There are omissions: I can find no mention of the attempt in 1968 by Cecil King to overthrow the government of Harold Wilson and replace it with a government of businessmen headed by Lord Mountbatten - now that surely was subversion and ought to have been of interest to an agency concerned with threats to our democracy. No mention either of General Sir Walter Walker or Colonel David Stirling who in the mid-1970s busied themselves setting up private armies with a view to taking over in the event - which they confidently expected - of a breakdown of law and order. Or of Brigadier Ronnie Stonham who spent several years in Room 105 at Broadcasting House stamping upturned Christmas trees on BBC personnel whose careers were thought to be ideologically unsound. What was all that about and does it still go on?

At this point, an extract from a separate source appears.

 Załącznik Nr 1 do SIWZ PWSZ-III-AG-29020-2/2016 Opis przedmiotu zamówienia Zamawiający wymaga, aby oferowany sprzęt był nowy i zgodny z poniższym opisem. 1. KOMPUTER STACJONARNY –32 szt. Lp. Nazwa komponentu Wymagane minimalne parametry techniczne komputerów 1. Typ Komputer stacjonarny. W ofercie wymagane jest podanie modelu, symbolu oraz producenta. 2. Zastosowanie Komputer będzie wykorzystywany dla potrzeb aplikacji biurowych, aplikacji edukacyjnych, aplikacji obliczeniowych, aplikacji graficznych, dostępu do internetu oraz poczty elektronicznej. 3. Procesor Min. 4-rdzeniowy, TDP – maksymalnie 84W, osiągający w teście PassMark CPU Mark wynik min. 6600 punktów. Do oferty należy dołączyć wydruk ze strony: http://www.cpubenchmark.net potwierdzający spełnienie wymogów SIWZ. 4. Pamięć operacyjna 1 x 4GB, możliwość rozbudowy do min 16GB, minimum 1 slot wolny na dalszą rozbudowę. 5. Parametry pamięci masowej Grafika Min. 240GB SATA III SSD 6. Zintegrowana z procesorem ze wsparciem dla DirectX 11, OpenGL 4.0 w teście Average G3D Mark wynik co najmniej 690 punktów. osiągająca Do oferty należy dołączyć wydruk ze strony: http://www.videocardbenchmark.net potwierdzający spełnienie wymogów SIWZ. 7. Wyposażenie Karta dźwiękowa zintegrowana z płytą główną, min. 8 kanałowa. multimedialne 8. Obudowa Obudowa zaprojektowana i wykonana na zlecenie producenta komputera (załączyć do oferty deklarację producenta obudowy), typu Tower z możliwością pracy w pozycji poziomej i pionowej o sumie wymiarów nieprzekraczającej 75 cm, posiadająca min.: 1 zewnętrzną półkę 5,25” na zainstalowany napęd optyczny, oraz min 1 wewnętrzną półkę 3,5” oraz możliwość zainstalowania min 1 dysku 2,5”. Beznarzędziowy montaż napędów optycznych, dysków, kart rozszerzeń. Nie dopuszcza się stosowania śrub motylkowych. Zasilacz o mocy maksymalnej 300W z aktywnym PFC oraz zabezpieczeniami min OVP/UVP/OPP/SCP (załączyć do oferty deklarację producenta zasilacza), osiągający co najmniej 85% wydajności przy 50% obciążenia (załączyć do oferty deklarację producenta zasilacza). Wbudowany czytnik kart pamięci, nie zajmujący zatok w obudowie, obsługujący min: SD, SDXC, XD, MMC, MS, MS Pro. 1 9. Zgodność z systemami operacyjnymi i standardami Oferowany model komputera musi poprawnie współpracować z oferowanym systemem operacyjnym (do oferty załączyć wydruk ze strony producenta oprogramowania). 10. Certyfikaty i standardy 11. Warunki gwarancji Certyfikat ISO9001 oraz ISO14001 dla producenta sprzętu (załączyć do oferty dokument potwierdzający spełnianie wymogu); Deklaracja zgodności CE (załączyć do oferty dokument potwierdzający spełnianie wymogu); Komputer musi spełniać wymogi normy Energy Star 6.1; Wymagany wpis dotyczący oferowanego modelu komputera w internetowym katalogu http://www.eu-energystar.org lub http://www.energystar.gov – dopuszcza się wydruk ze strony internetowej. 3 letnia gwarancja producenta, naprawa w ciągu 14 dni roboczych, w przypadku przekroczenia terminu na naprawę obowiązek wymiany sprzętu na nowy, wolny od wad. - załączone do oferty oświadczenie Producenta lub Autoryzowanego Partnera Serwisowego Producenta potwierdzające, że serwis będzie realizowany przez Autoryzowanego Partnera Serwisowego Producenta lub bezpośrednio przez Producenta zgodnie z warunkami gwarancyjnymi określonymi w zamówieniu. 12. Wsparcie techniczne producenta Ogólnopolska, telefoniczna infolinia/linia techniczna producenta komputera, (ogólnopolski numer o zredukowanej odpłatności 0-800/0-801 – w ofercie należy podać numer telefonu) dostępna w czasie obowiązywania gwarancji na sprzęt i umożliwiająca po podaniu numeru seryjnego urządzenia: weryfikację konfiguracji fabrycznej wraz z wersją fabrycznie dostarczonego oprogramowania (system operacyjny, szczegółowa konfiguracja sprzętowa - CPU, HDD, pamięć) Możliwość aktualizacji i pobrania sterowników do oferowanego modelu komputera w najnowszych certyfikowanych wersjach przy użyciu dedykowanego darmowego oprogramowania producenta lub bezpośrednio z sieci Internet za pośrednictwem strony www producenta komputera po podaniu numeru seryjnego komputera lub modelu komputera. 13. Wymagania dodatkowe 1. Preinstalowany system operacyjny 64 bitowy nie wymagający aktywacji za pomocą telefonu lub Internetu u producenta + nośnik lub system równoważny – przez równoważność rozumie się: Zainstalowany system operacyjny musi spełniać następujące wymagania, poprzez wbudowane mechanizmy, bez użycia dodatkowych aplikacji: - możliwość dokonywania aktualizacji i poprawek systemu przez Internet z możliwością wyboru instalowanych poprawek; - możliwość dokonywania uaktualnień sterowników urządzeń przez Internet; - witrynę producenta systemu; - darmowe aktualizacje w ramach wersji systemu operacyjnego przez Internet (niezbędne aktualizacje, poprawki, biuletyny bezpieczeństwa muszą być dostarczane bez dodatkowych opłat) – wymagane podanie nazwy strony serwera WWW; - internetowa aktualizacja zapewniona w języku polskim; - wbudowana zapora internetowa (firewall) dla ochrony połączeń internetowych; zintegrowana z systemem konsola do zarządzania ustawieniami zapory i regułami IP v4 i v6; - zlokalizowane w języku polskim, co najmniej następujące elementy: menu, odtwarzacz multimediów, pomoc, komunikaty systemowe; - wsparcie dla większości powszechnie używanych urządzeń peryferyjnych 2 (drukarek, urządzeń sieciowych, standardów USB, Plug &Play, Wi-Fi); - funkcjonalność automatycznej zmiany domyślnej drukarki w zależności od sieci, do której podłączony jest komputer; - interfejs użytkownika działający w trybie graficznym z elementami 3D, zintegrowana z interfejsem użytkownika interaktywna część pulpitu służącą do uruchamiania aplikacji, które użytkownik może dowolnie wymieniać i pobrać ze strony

I suspect it might in some form or other.
Professor Andrew's account does not quite do justice to the level of incompetence, paranoia and isolation from reality that for significant periods rendered the service almost dysfunctional. Stella Rimmington describes in her memoirs how some old hands would disappear for long boozy lunches which they would then sleep off for the rest of the afternoon. A former director once remarked to me that there had been "a lot of drinking and laziness" when he joined and a former (Tory) home secretary whispered to me in the wake of the Spycatcher affair that "we havecleared out a lot of deadwood".
These, however, are quibbles. This is in most respects a magnificent piece of work - lucid, intriguing and painstakingly researched (though it could do with a better index and a few less acronyms). It represents a considerable advance in our knowledge of the secret state. The fact that such an enterprise - unthinkable 20 years ago - could be undertaken today is welcome evidence of the growing maturity of our democracy.
Chris Mullin, MP for Sunderland South, has published a volume of diaries, A View from the Foothills
A Very British Revolution: The Expenses Scandal and How to Save Our DemocracyMartin BellIcon Books £11.99
The man in the white suit clearly enjoys naming and shaming individual MPs, though his research is overly based on press reports rather than on his own investigation. His hits on MPs are generally spot on. But his failure to grasp the chronology of events and where decisions came from reenforces his variable grasp of the system while he was in Parliament.
After four years on the Committee on Standards and Privileges, he is as much to blame for the rotten expenses systems and its inadequate rules as any other MP of the last decade. Why did he not propose significant changes when he had the power to do so? Bell was as muted and as culpable as the rest of us.
He dissects unacceptable expenses claims with a clinical precision, but overlooks true transparency by not providing details of his own expenses as an MP, or his second job income when failing to turn up to 51 per cent of parliamentary votes. Surely those who speak out the most should open up their own books, warts and all?
Bell is a class act as a journalist and a consistent champion of higher standards in public life. This book gives some relevant answers on where to go next, but Bell's obvious glee at the plight of individual MPs will leave it gathering dust in the Members' Library in Parliament, which is a shame. Bell's lack of transparency on his own expenses will create the perfect excuse for his excellent proposals being ignored.